INFORMATION PROVIDED:
========================
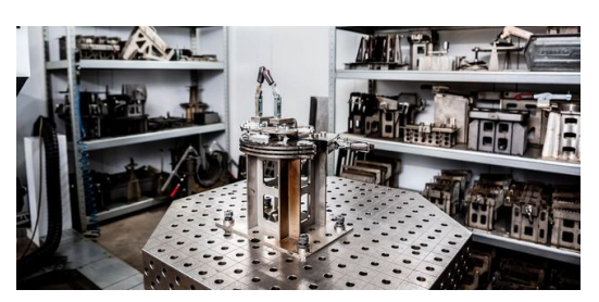
Even with simple sheet metal fixtures, components can be clamped in
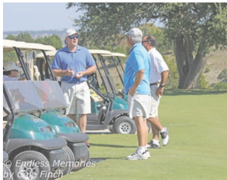
© Endless Memories by Cole Finch
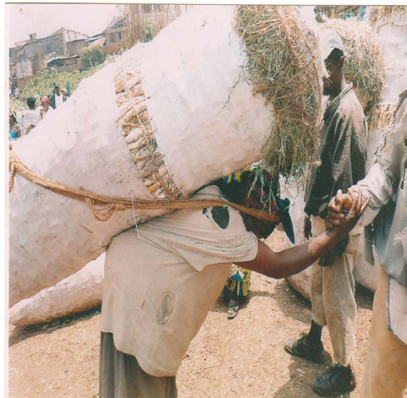
The same heavy bag carried by 1 woman
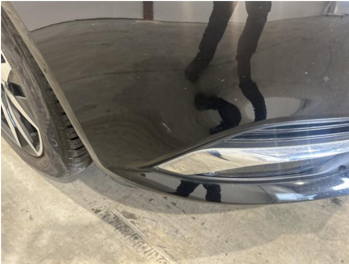
9: Bumper Front Scratched UpTo 25mm Thru Paint
========================
TRY IT: Reproduce the listing exactly, minus its pictures.

OUTPUT OF THE TASK:
Even with simple sheet metal fixtures, components can be clamped in
© Endless Memories by Cole Finch
The same heavy bag carried by 1 woman
9: Bumper Front Scratched UpTo 25mm Thru Paint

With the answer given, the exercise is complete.